» YOUR ASSIGNMENT
Leaving the pictures aside, write out the whole listing below exactly.

» DATA BLOCK
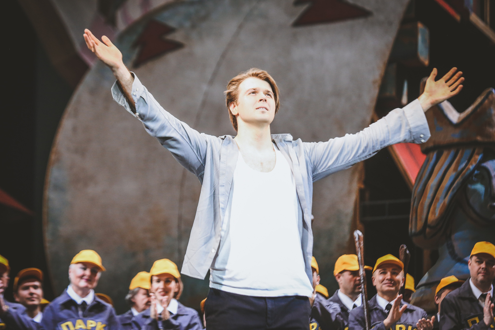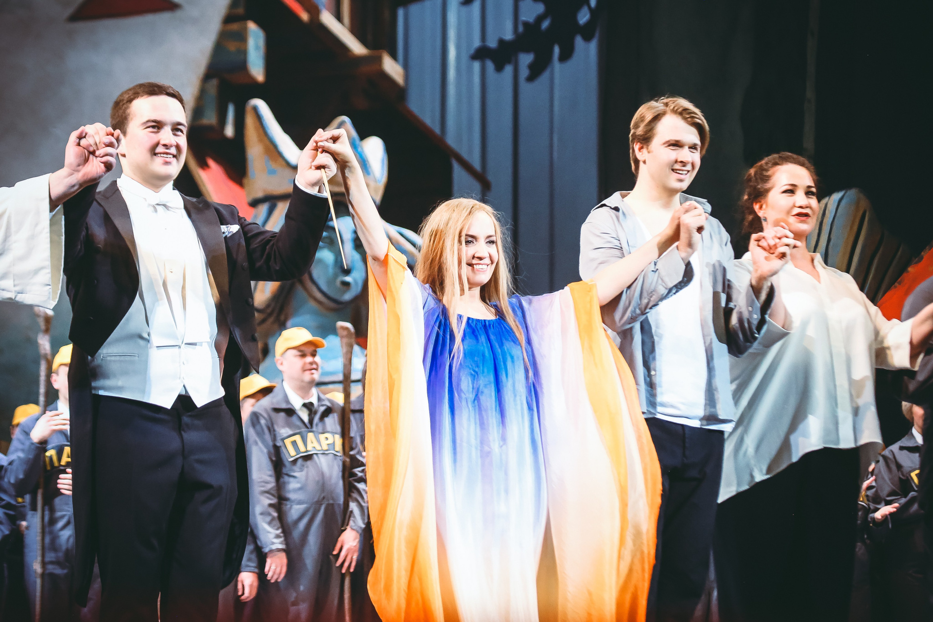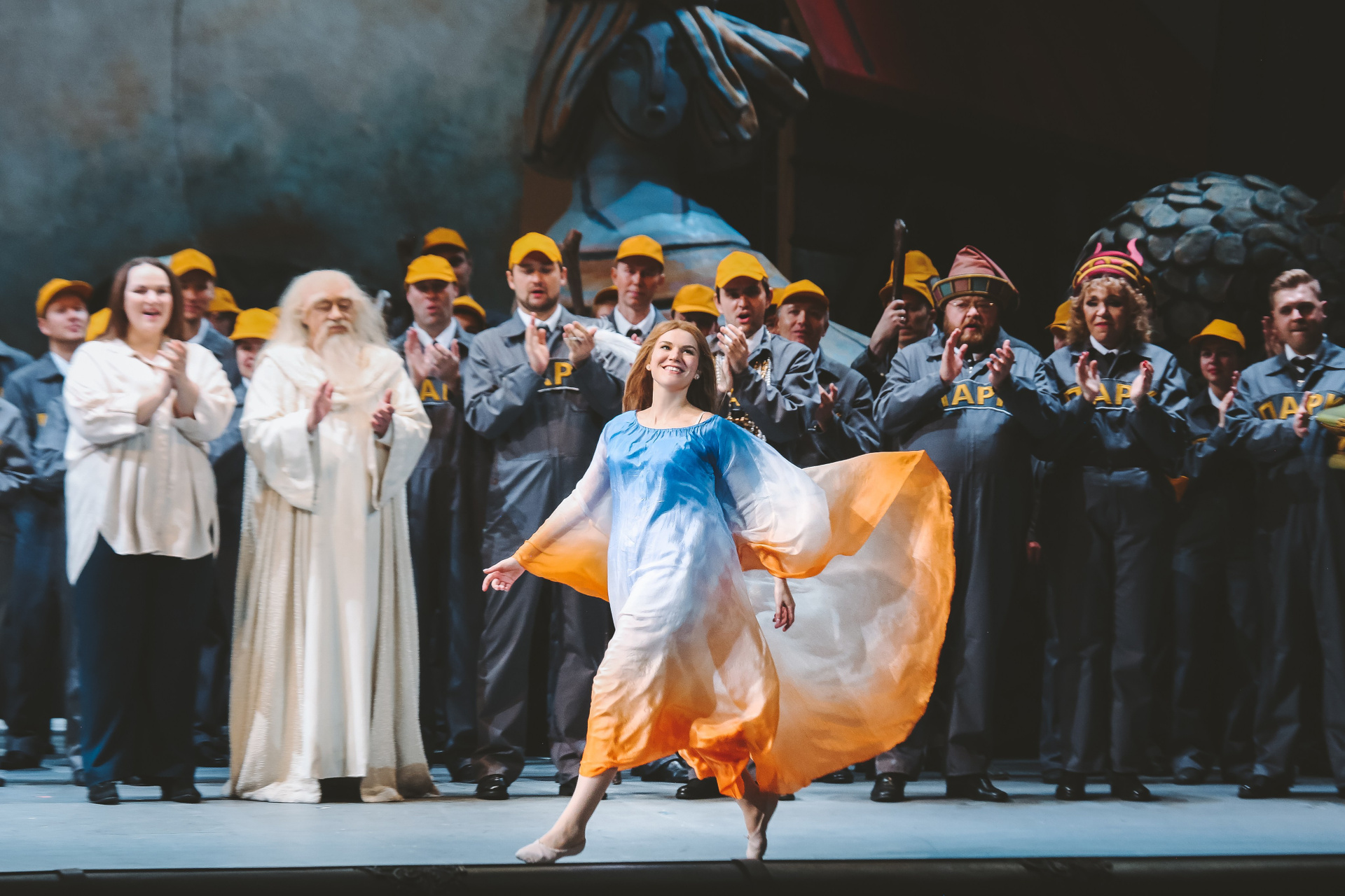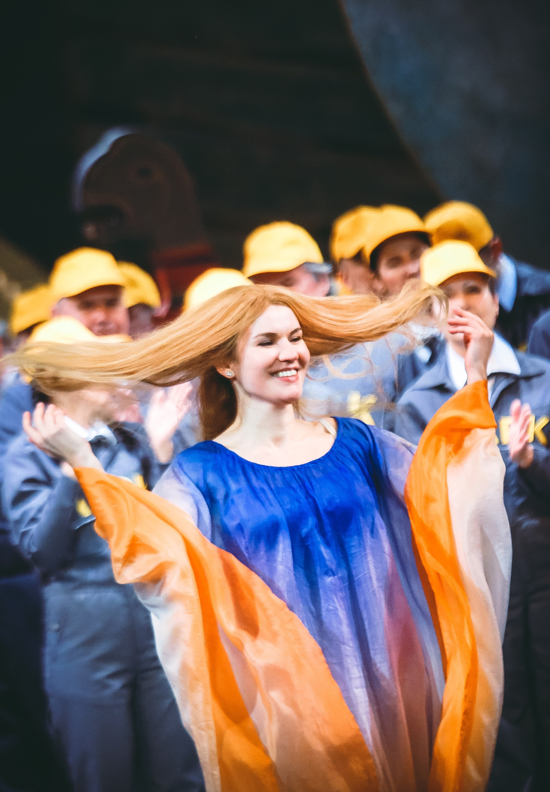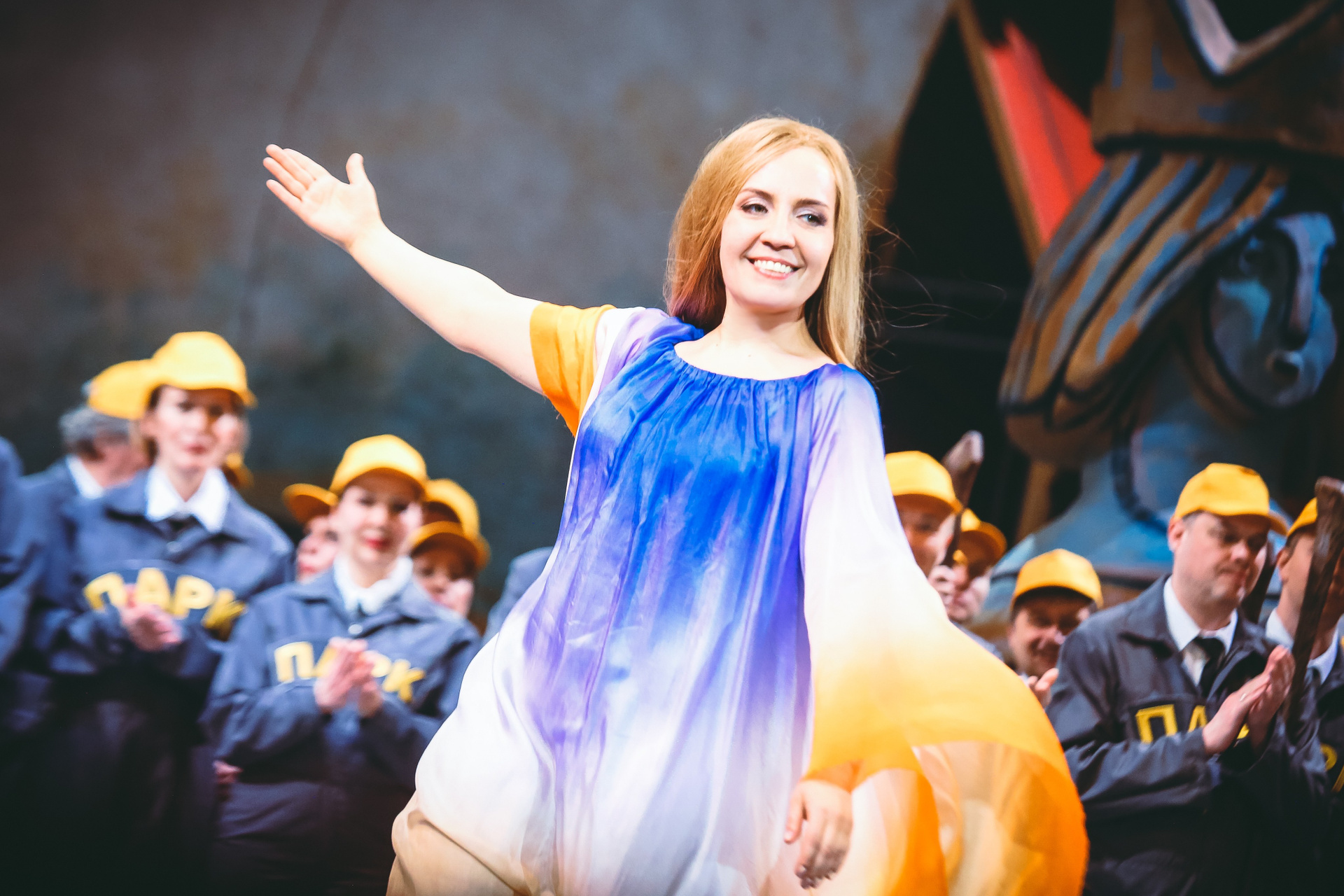 Зато главных героев набралось два состава. Если Екатерина Семенчук и Ксения Дудникова в вокальном и актерском плане выступили одинаково убедительно в роли Любавы, то из двух Волхов ближе мне оказалась Надежда Павлова — более изысканная, эмоциональная (и точно интонирующая), хотя стоит признать, что Аида Гарифуллина очень точно соответствовала необходимому образу гламурной дивы — ей тут даже играть особо не нужно, просто быть собой. Настоящих драматических теноров же, способных осилить требовательную партию Садко, сейчас днем с огнем не сыщешь, но тут, надо сказать, нам повезло: у Нажмиддина Мавлянова из первого состава, незаурядный талант и уникальный голос, будто созданный для данной партии, а Иван Гынгазов взял органичностью и драматическим дарованием, тем более задача была поставлена незаурядная — сыграть человека, который лишь изображает былинного Садко. Так что чутье не подвело Чернякова и позволило ему блестяще использовать типажи всех солистов.
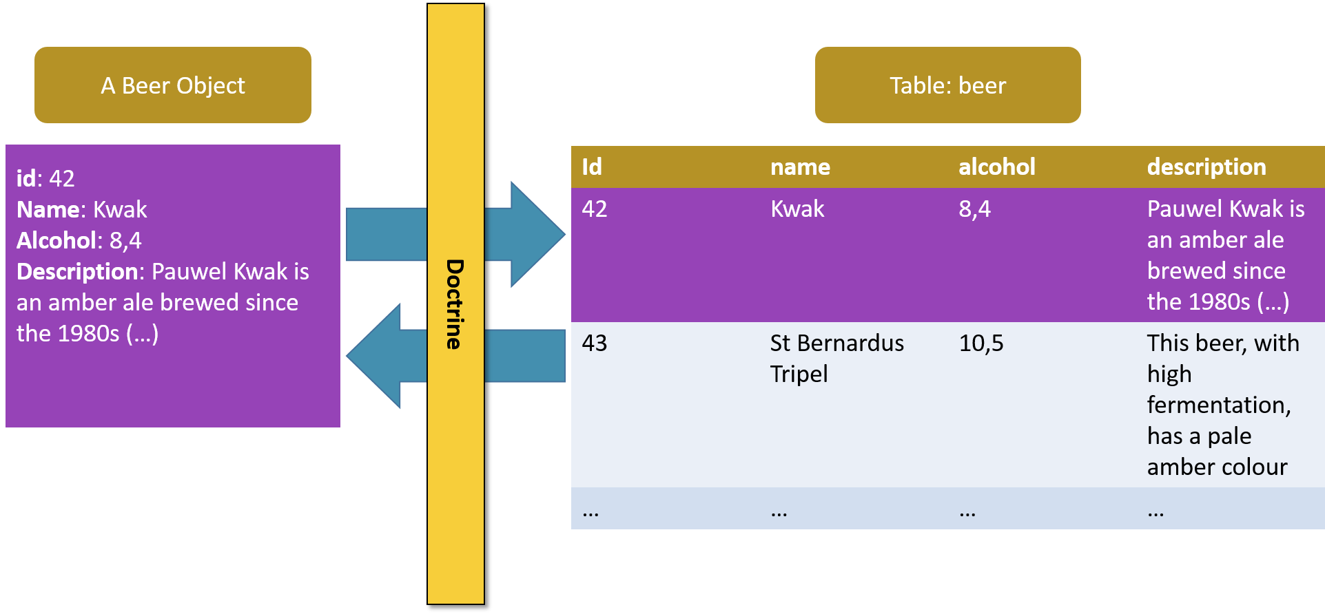 $aBeer = $em->getRepository('ConsertoBeerBundle:Beer')->find(42);
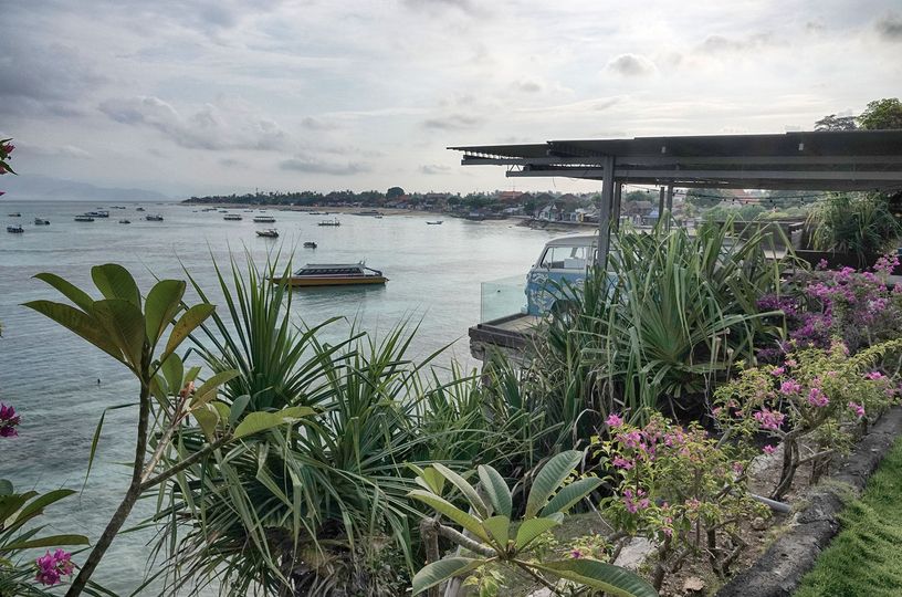 Serene view of Jungutbatu Beach, Lembongan Island in the afternoon, from a hillside restaurant called Thai Pantry that overlooks the bay.
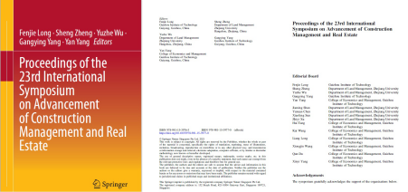本网讯(经济管理学院 唐惠/文图)近日,由我校2018年主办的第二十三届建设管理与房地产发展国际学术研讨会论文集,由德国斯普林格出版社(Springer-Verlag)同时以纸质书和电子书两种版本出版。

» YOUR RESPONSE
 Зато главных героев набралось два состава. Если Екатерина Семенчук и Ксения Дудникова в вокальном и актерском плане выступили одинаково убедительно в роли Любавы, то из двух Волхов ближе мне оказалась Надежда Павлова — более изысканная, эмоциональная (и точно интонирующая), хотя стоит признать, что Аида Гарифуллина очень точно соответствовала необходимому образу гламурной дивы — ей тут даже играть особо не нужно, просто быть собой. Настоящих драматических теноров же, способных осилить требовательную партию Садко, сейчас днем с огнем не сыщешь, но тут, надо сказать, нам повезло: у Нажмиддина Мавлянова из первого состава, незаурядный талант и уникальный голос, будто созданный для данной партии, а Иван Гынгазов взял органичностью и драматическим дарованием, тем более задача была поставлена незаурядная — сыграть человека, который лишь изображает былинного Садко. Так что чутье не подвело Чернякова и позволило ему блестяще использовать типажи всех солистов.
 $aBeer = $em->getRepository('ConsertoBeerBundle:Beer')->find(42);
 Serene view of Jungutbatu Beach, Lembongan Island in the afternoon, from a hillside restaurant called Thai Pantry that overlooks the bay.
本网讯(经济管理学院 唐惠/文图)近日,由我校2018年主办的第二十三届建设管理与房地产发展国际学术研讨会论文集,由德国斯普林格出版社(Springer-Verlag)同时以纸质书和电子书两种版本出版。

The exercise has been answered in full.